Usually he’ll ask for volunteers from the class to divulge a mutual fund they’ve invested in so he can evaluate it based on those factors. Now and then there’s a good one out there, but Carl expects to “bash almost every one,” convinced that most have excessive fees and costs. That reminds him of one time — this would’ve been about 10 years ago — when a student offered up a fund for his analysis.

“I thought it was a terrible fund, I thought its fees and costs were really excessive,” he tells the class. “So I dissected the fund. Trashed it.”

It was bad enough that Carl felt compelled to ask the student why he would invest in it.

“Because,” he said, “my father is the fund manager.”

Carl stood his ground. “I’m sure your dad is an amazing person,” he said, “but I think the fees and costs of this fund are going to make it underperform the market in the years ahead.”

He and the student placed a wager on the spot about how the fund would do over the next decade.

“I just collected,” Carl says. “And I won handily.”

All this to emphasize the long-term impact of little differences in investment decisions.

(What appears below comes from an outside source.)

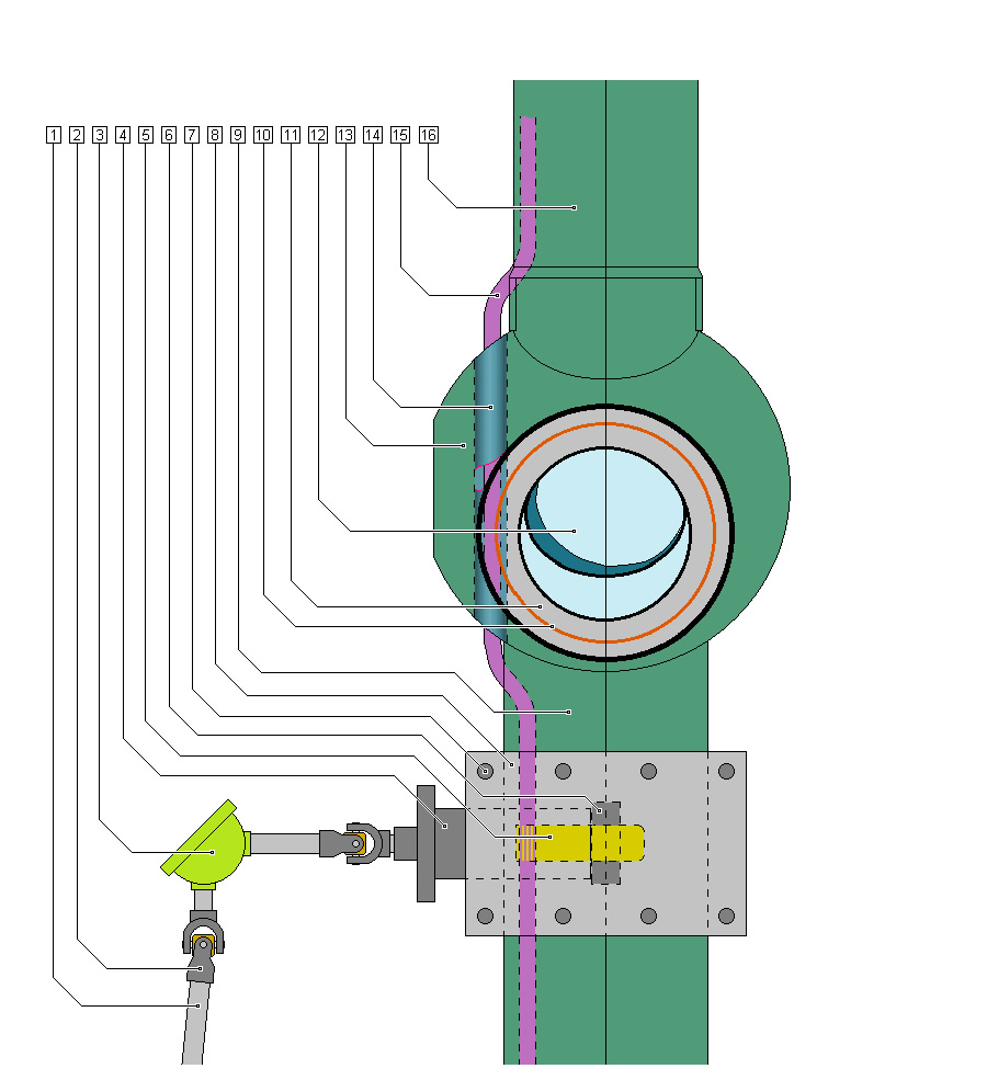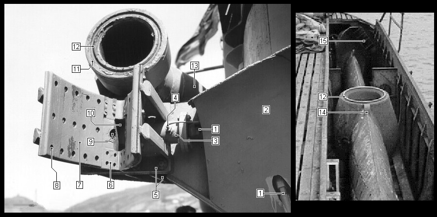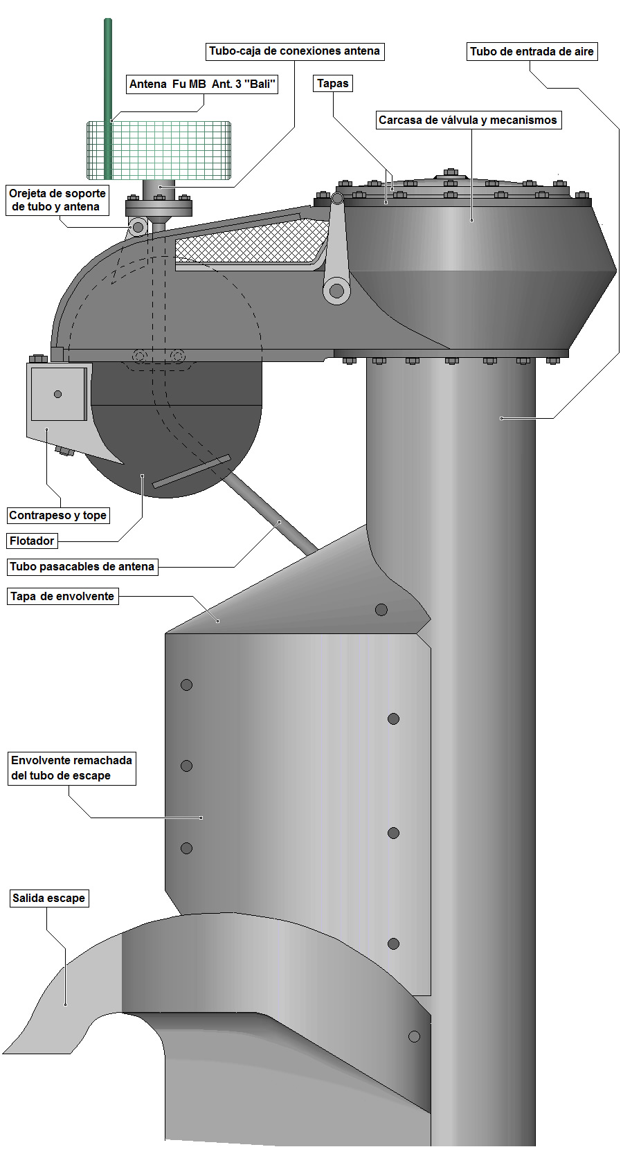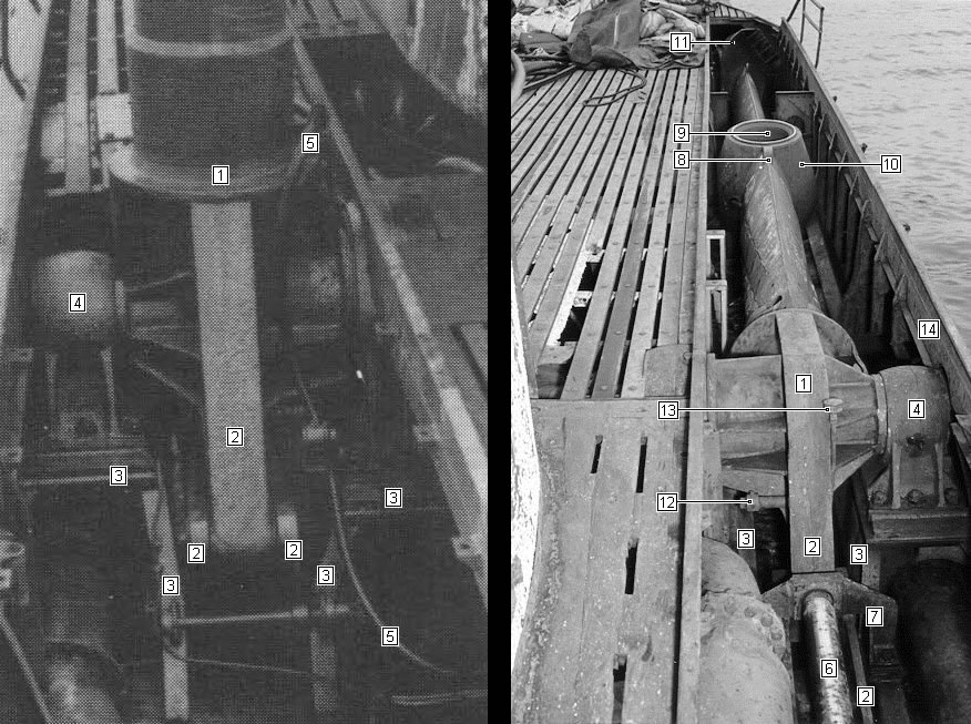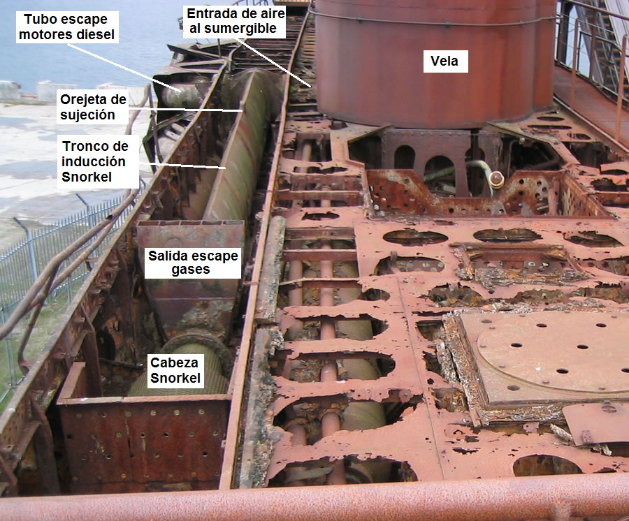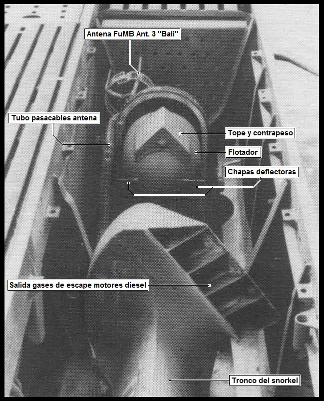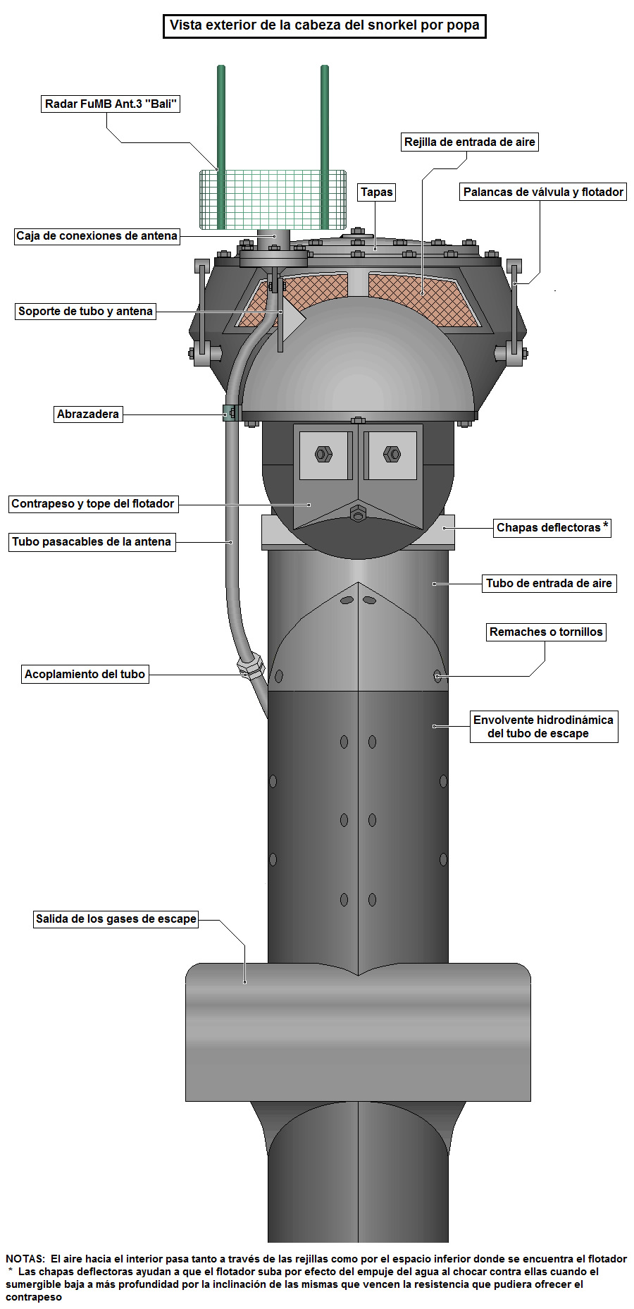 A la izquierda: Vista de la base del schnorchel con el sistema izado para toma de aire sobre cubierta. 1 - Base schnorchel; 2 - Brazo y bielas; 3 - Polín; 4 - Cojinete de apoyo y giro; 5 - Tubo de los cables de antena; 6 - Barra de guía del vástago; 7 - Soporte de la barra de guía del vástago; 8 - Orejeta de trincado; 9 - Toma de aire; 10 - Bulbo paso de gases de escape; 11 - Cabeza del schnorchel y salida de escape de gases; 12 - Eje de brazos articulados del índice; 13 - Engrasador; 14 - Costado. |

What seem like minor costs add up over time, but — this is the good part — so does your money if you start early and make steady contributions. Carl’s got the charts to illustrate the exponential growth.

Put a thousand bucks a month into a retirement fund starting with your first postgraduate job, keep it up throughout an “investment lifetime” and, by age 65, you’d have $7.4 million. Students of the current generation, Carl says, call that “savage” or “sick.”

The importance of investing young cannot be overstated. Wait 10 years to start contributing to that retirement fund, at age 32 instead of 22, and the tally at retirement would be $2.8 million, “way less than half” of what you could have accumulated.

And consider this wrinkle: If you begin investing at age 22 but stop at 32 — socking away that thousand bucks a month for just those 10 years and then letting it grow — you’d still end up with $4.6 million at age 65. The hypothetical sucker up above, who didn’t invest until age 32 but contributed for three decades after that, ends up with almost $2 million less, and probably gets sick in the traditional sense.

How does all that add up? Through what amateur financial adviser Albert Einstein — “This dude right here,” Carl says, flashing his photo on the screen — called “the greatest mathematical discovery of all time.” Compound interest.

Carl identifies as a finance dork, and his excitement for the field overflows, but so does that other defining aspect of his nature: the belief that students should use these tools not just for greater wealth, but for the greater good.

“Think of all the people you could help,” he says in the midst of his investment advice, a refrain he returns to again and again. “That should be all the motivation you need.”

In the acquisitive world of finance, where students admit feeling peer pressure to pursue prestigious jobs and the salaries associated with them, Carl reminds them of the value of their individual ambitions, apart from the crowd. Aspiring doctors in the class, he notes, might not be able to start investing while they’re in medical school during that essential postgrad decade he just described. But the remuneration and other intangible rewards of those service-oriented professions, he reassures them, will more than make up the difference.

“He made it seem like it was very individual and wherever you go in life, it’s really about what you want to do and where your passions lie,” Becklund says.

More than names and faces, then, Carl remembers the humanity of each student. And he goes out of his way, amid the blur of work and allure of achievement, to make sure that they don’t forget that either.

Jason Kelly is an associate editor of this magazine.